Using XML DOM to Detect Tracked Revisions in an Open XML WordprocessingML Document

Tracked revisions are one of the more involved features of Open XML WordprocessingML. There are 28 elements associated with tracked revisions, each with their own semantics. In some cases, such as with content controls and deleted paragraph marks, the semantics for tracked revisions are (of necessity) very involved.

Some time ago, I wrote an article, Accepting Revisions in Open XML Word-Processing Documents, which details the exact semantics for each of the elements that comprise revision tracking.

Many scenarios do not require that you process tracked revisions. For example, you may have an internal publishing process where articles with tracked revisions cannot be submitted for publishing. For a variety of business reasons, you do not want to expose tracked revisions. They may reflect internal debates that are not appropriate for disclosure outside of your company. Your internal policies may consider that the editing process is not completed until all tracked revisions are accepted or rejected. In these scenarios, if you are writing code to process those documents, you do not need to complicate your code by processing those many elements and attributes. However, if your code does not process tracked revision markup, you do not want to blindly process documents that may contain tracked revisions. Your code may fail spectacularly. Instead, it is appropriate to include code to validate that a document to be processed does not contain tracked revisions. Some time ago, I wrote a short article, Identifying Open XML Word-Processing Documents with Tracked Revisions, which shows how to use LINQ to XML or the strongly-typed object model of the Open XML SDK V2 to detect whether a document contains tracked revisions. However, many developers do not have the option of using LINQ to process XML, and instead must use one of a variety of implementations of XML DOM, such as System.Xml.XmlDocument in the .NET framework, or an implementation of XML DOM for php. This post presents a bit of XmlDocument code to detect tracked revisions. The important parts are those that show which Open XML parts to process, and the XPath expression to detect tracked revision markup.
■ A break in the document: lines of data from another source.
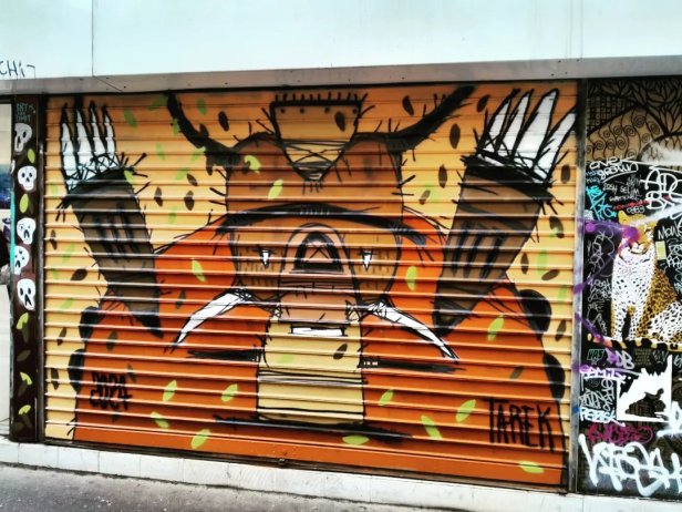 In 2016 in Hamburg (Germany), Tarek exhibited his works in several places and in two galleries (Bateau culturel MS Stubnit, at the Kunsthaus an der Alster and at the Studio Longboard): he became known to the French community living in this city. He went to the Festiv’art in Kribi (Cameroon) during which he painted many walls with Simon Binna, Rostand Pokam, and other Cameroonian painters. In 2017, several personal and collective exhibitions punctuated his painting and comic book work: from Rennes to Lyon, from Moulins to Paris via Hamburg, Sao Paulo, Brussels, Montreal, and Andenne, the public appreciated and bought his productions. New galleries sold his works: Superposition (Lyon), No Galerie (Rennes), Sub Galeria (Sao Paulo), Galerie JPHT (Paris 3e) and Galerie Anthony Roth Contemporain (Paris 3e). Some of his paintings joined the MoLA museum collection following an auction at Drouot (Paris) at the end of the year.
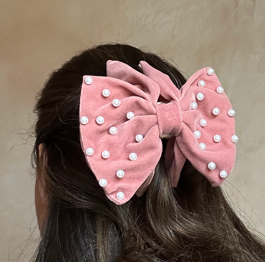 'Eva' Velvet Pink Bow Claw Clip with Pearls
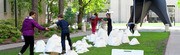 Visitors play in the Gradated Field, one of the many FAST installations on campus. The Gradated Field is a collection of smooth, white plaster mounds formed by latex sheets. Visitors are encouraged to wander and lounge amongst the art.
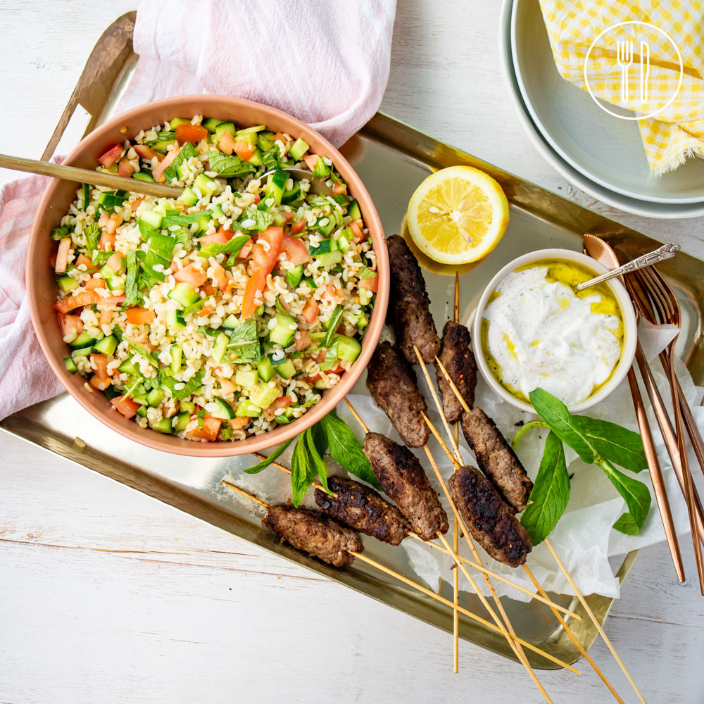 Lamb mince koftas boosted with a delicious blend of sesame, sumac and ground spices, served with a fresh mint and white quinoa tabbouleh.

Because the semantics of XPath and XML DOM Document are carefully defined, it is pretty easy to translate this code to another language and implementation of XML DOM Document.

using System;
using System.IO;
using System.Xml;
using DocumentFormat.OpenXml.Packaging;

class Process
{
    public static XmlDocument GetXmlDocument(OpenXmlPart part)
    {
        XmlDocument xmlDoc = new XmlDocument();
        using (Stream partStream = part.GetStream())
        using (XmlReader partXmlReader = XmlReader.Create(partStream))
            xmlDoc.Load(partXmlReader);
        part.AddAnnotation(xmlDoc);
        return xmlDoc;
    }

    public static bool PartHasTrackedRevisions(OpenXmlPart part)
    {
        XmlDocument doc = GetXmlDocument(part);
        string wordNamespace = “http://schemas.openxmlformats.org/wordprocessingml/2006/main”;
        XmlNamespaceManager nsmgr =
            new XmlNamespaceManager(doc.NameTable);
        nsmgr.AddNamespace(“w”, wordNamespace);
        string xpathExpression =
            “descendant::w:cellDel|” +
            “descendant::w:cellIns|” +
            “descendant::w:cellMerge|” +
            “descendant::w:customXmlDelRangeEnd|” +
            “descendant::w:customXmlDelRangeStart|” +
            “descendant::w:customXmlInsRangeEnd|” +
            “descendant::w:customXmlInsRangeStart|” +
            “descendant::w:del|” +
            “descendant::w:delInstrText|” +
            “descendant::w:delText|” +
            “descendant::w:ins|” +
            “descendant::w:moveFrom|” +
            “descendant::w:moveFromRangeEnd|” +
            “descendant::w:moveFromRangeStart|” +
            “descendant::w:moveTo|” +
            “descendant::w:moveToRangeEnd|” +
            “descendant::w:moveToRangeStart|” +
            “descendant::w:moveTo|” +
            “descendant::w:numberingChange|” +
            “descendant::w:rPrChange|” +
            “descendant::w:pPrChange|” +
            “descendant::w:rPrChange|” +
            “descendant::w:sectPrChange|” +
            “descendant::w:tcPrChange|” +
            “descendant::w:tblGridChange|” +
            “descendant::w:tblPrChange|” +
            “descendant::w:tblPrExChange|” +
            “descendant::w:trPrChange”;
        XmlNodeList descendants = doc.SelectNodes(xpathExpression, nsmgr);
        return descendants.Count > 0;
    }

    public static bool HasTrackedRevisions(WordprocessingDocument doc)
    {
        if (PartHasTrackedRevisions(doc.MainDocumentPart))
            return true;
        foreach (var part in doc.MainDocumentPart.HeaderParts)
            if (PartHasTrackedRevisions(part))
                return true;
        foreach (var part in doc.MainDocumentPart.FooterParts)
            if (PartHasTrackedRevisions(part))
                return true;
        if (doc.MainDocumentPart.EndnotesPart != null)
            if (PartHasTrackedRevisions(doc.MainDocumentPart.EndnotesPart))
                return true;
        if (doc.MainDocumentPart.FootnotesPart != null)
            if (PartHasTrackedRevisions(doc.MainDocumentPart.FootnotesPart))
                return true;
        return false;
    }

    static void Main(string[] args)
    {
        using (WordprocessingDocument doc =
            WordprocessingDocument.Open(“Test1.docx”, false))
        {
            Console.WriteLine(“Test1 {0} tracked revisions”, HasTrackedRevisions(doc) ?
                “has” :
                “does not have”);
        }
        using (WordprocessingDocument doc =
            WordprocessingDocument.Open(“Test2.docx”, false))
        {
            Console.WriteLine(“Test2 {0} tracked revisions”, HasTrackedRevisions(doc) ?
                “has” :
                “does not have”);
        }
    }
}